Accounting and Corporate Reform Legislation EnactedWashington, DC, August 1, 2002 - President Bush signed into law on July 30 sweeping accounting and corporate reform legislation, the Sarbanes-Oxley Act of 2002. The Institute expressed support for enactment of this legislation, which is intended to improve quality and transparency in financial reporting, increase corporate responsibility and the usefulness of corporate financial disclosure, and enhance Securities and Exchange Commission resources and oversight. Oversight Board
H.R. 3763 establishes a five-member Public Company Accounting Oversight Board to oversee the conduct of auditors of public companies. The board will have the authority, subject to SEC review, to: - set auditing, quality control, and ethics standards;
- inspect accounting firms' audit operations;
- investigate potential violations of board rules, related provisions of the securities laws, and professional accounting standards; and
- impose sanctions for violations.
No accounting firm will be permitted to audit an SEC registered entity unless it is registered with the board. The board will be funded through an accounting support fee paid by issuers, in amounts assessed according to issuers' relative market capitalization. The board is permitted to differentiate among various classes of issuers in allocating fees. Retirement Plan Suspension Periods
H.R. 3763 requires defined contribution retirement plan administrators to notify employees at least 30 days in advance of a suspension period during which participants will be limited in their ability to direct their account investments. The bill prohibits directors and executive officers from trading company stock during suspension periods.
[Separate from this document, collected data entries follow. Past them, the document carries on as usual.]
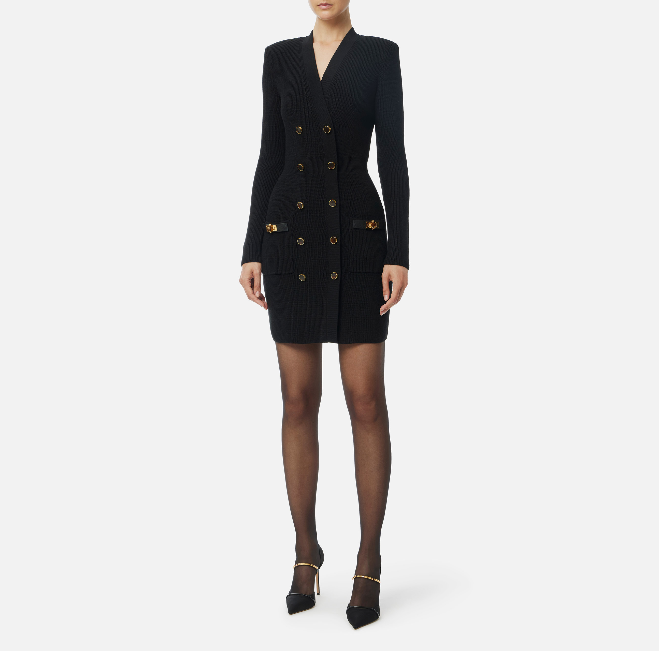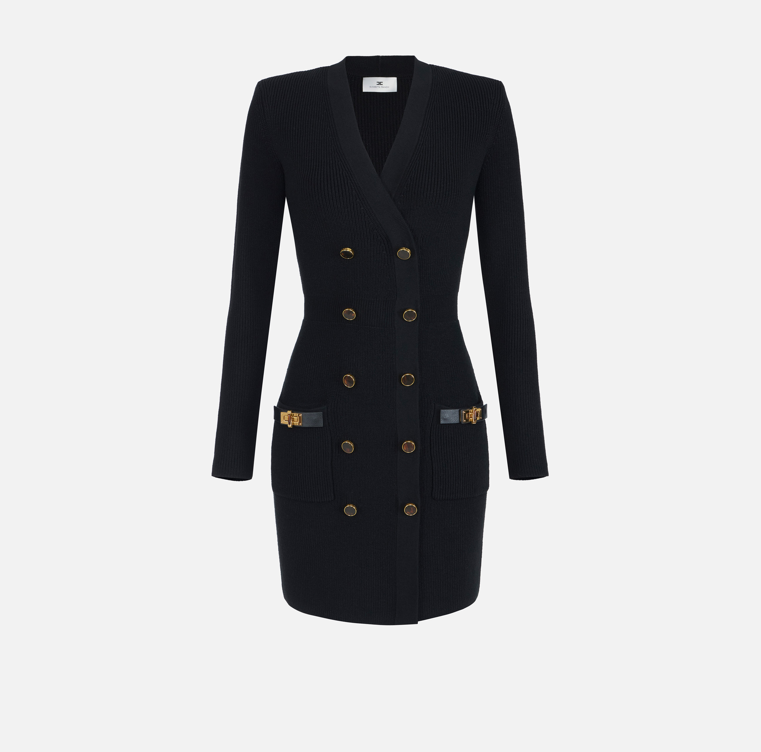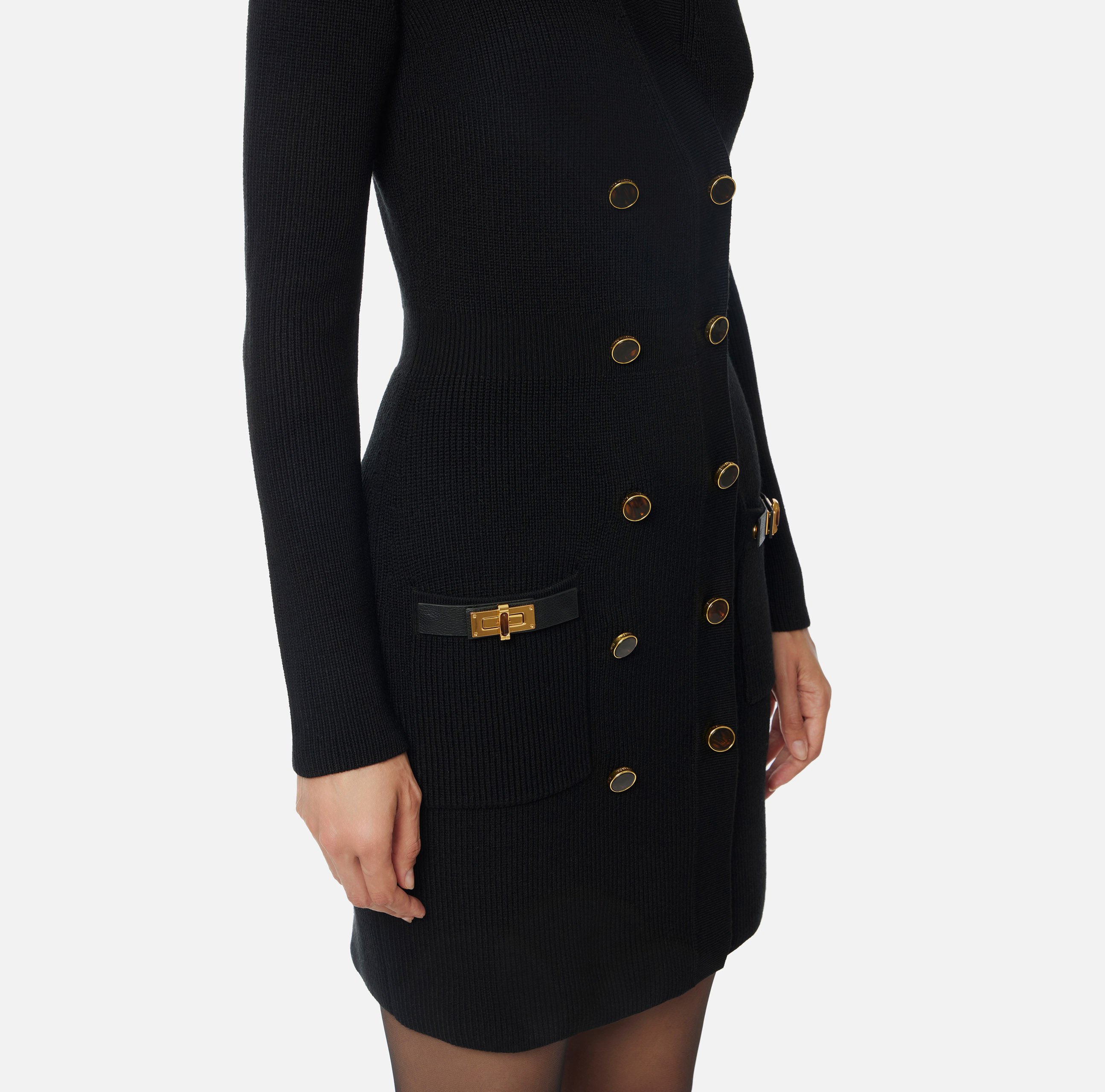 Mini abito robemanteau in maglia dalla vestibilità aderente. Dalla trama ricca e avvolgente, il vestito ha spalle strutturate, doppiopetto e tasche impreziosite dai cinturini con girello decorativo in metallo dorato. I bottoni dalle sfumature ambrate completano il capo.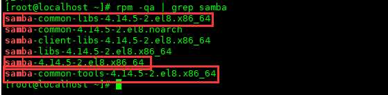 (1)[root@localhost ~]# rpm -qa | grep samba 默认已经安装的软件包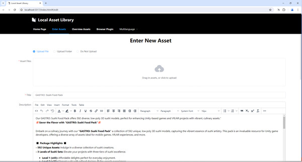 Asset Entry - You can input information for assets including title, cover, tags, files, description, version, and source. Missing information? No problem?the asset will still be entered, and any missing information will be automatically hidden when viewing.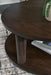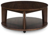 It's hard to say what's most striking about this round coffee table. Is it the rich warm brown finish or the thick tapered legs? Either way, the table's clean, contemporary aesthetic is perfect for your casual lifestyle. Casters let you roll the coffee table wherever you please … maybe next to your couch or loveseat.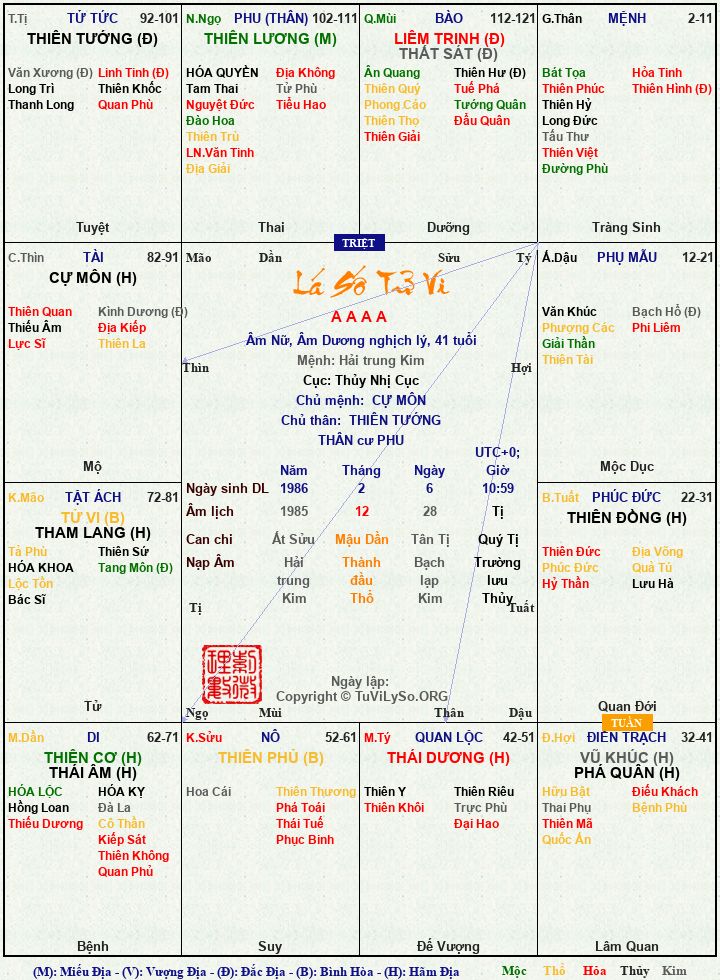 Mệnh vô chính diệu, thân cư phu mà phu thì bị triệt. Phúc đức thì bị tuần... Cuộc đời cũng có chút sóng gió nhưng mình chắc ăn may trời thương nên đều tránh được họa, đôi khi trong rủi có may.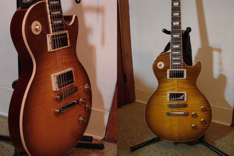 Dommage sur le modèle photographié que les deux parties de la table soient autant visibles car dissemblables, la partie basse, vers les potis semblant même quasiment pas flammée (toutefois un peu moins évident sur les dernières photos de face, avec la Gibby LP Standard que sur la première photo où c'est plus flagrant) ... C'est davantage un risque avec un Cherryburst qu'avec le Honeyburst clair que semblent avoir les dernières 450+ livrées.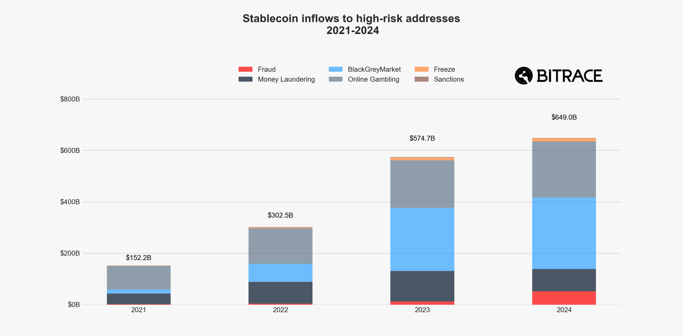비트레이스의 2024 암호화폐 범죄 보고서에 따르면, 범죄자들이 스테이블코인 6490억 달러를 고위험 주소로 이동했습니다. 스테이블코인의 사기 및 자금세탁 사용이 증가했지만, 합법적인 부문은 더 빠르게 성장했습니다.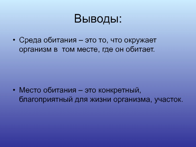 Место обитания – это конкретный, благоприятный для жизни организма, участок.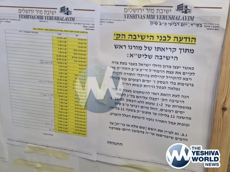 Amid the increasingly precarious security situation in Eretz Yisroel, Mir Yerushalayim has launched an initiative for its talmidim to take shifts in order to learn for three consecutive days without a single break in limud torah.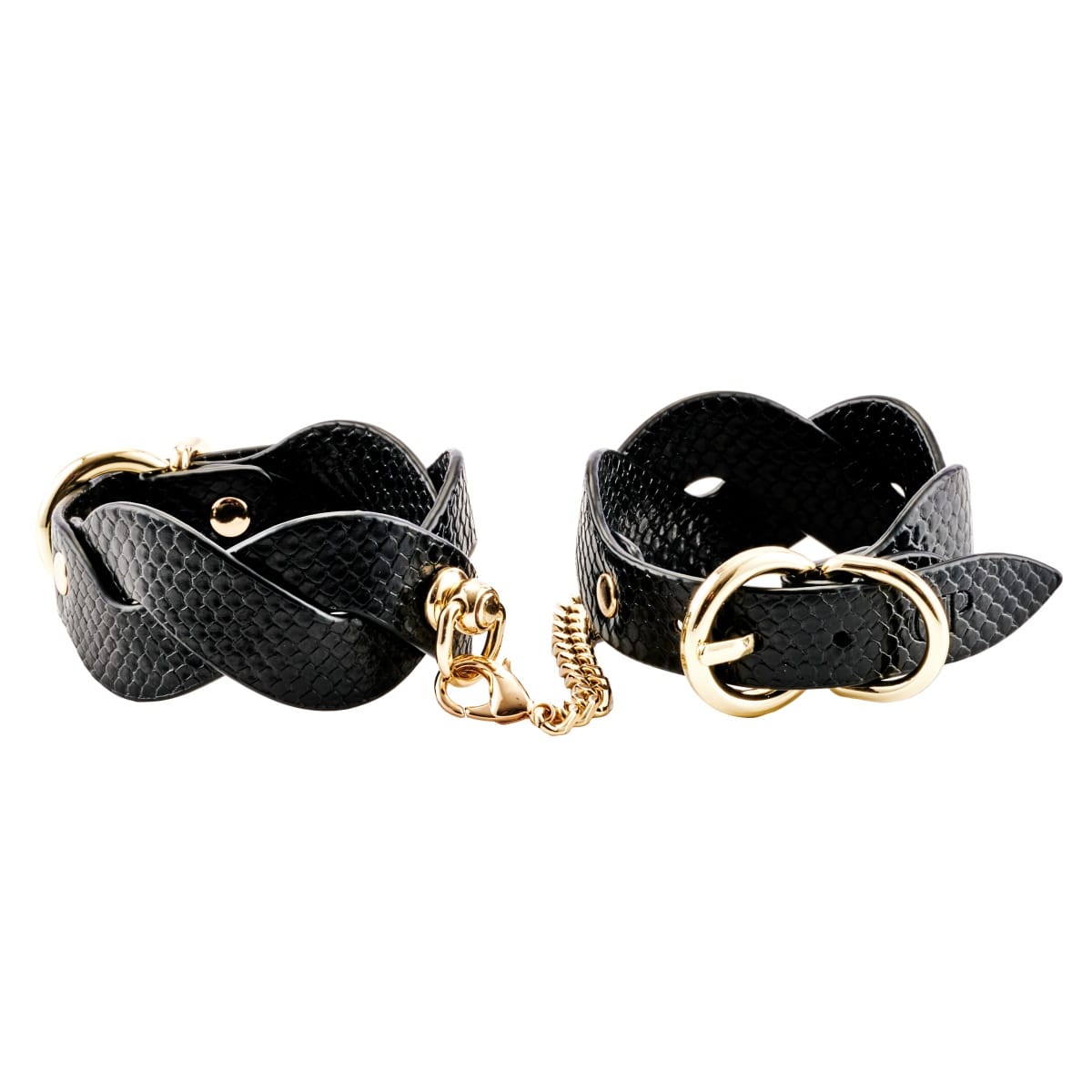 Tato půvabná pouta na zápěstí v černém designu jsou vyrobena z veganské imitace kůže, která je flexibilní, příjemná na dotek a šetrná k lidské pokožce. Navíc je měkká pro ještě výraznější komfort a zaujme ještěřím motivem. Pouta jsou smyslně propletena do atraktivního vzoru, jež je doplněn zlatými kovovými prvky, které dodávají celku rafinovaný lesk a výjimečný estetický dojem. Klasická přezka zajistí nastavitelnou velikost, aby perfektně padla každému. Můžete je nosit jako módní doplněk k vašemu oblečení, nebo využít jejich funkčnost a popustit uzdu fantazii. Díky pevnému řetízku z odolného kovu na dvou karabinách omezíte volný pohyb vašeho suba a okořeníte vaši noční bondage vášeň.

Other Significant Provisions
In addition, H.R. 3763 includes provisions that: - restrict the nonauditing services that can be provided by auditors;
- direct the SEC to adopt rules to require companies to have audit committees comprised solely of independent directors and impose new duties on audit committees;
- require rotation of a company's auditing firm's lead partner and review partner every five years;
- require the Comptroller General to study the potential effects of requiring the mandatory rotation of registered public accounting firms;
- direct the SEC to adopt rules to require CEOs and CFOs to certify that their company's annual and quarterly reports containing financial statements are appropriate and fair;
- require companies to disclose, on a rapid and current basis, material changes in their financial condition or operations;
- require stock transactions by management and principal stockholders to be disclosed to the SEC before the end of the second business day following the transaction;
- increase criminal penalties for securities fraud, document destruction, and violations of ERISA;
- lengthen the statute of limitations for private securities fraud actions to the earlier of five years after the alleged violation or two years after its discovery;
- require the SEC to adopt rules to prohibit conflicts of interest that could compromise the independence of securities analysts;
- direct the SEC to adopt rules to require public companies to disclose whether they have adopted a corporate code of ethics for senior financial officers and to disclose immediately to the public any change in, or waiver of, their code;
- authorize significant resources for the SEC to, among other things, provide enhanced oversight of auditors; and
- require the SEC to study the role of credit rating agencies in the operation of the securities markets.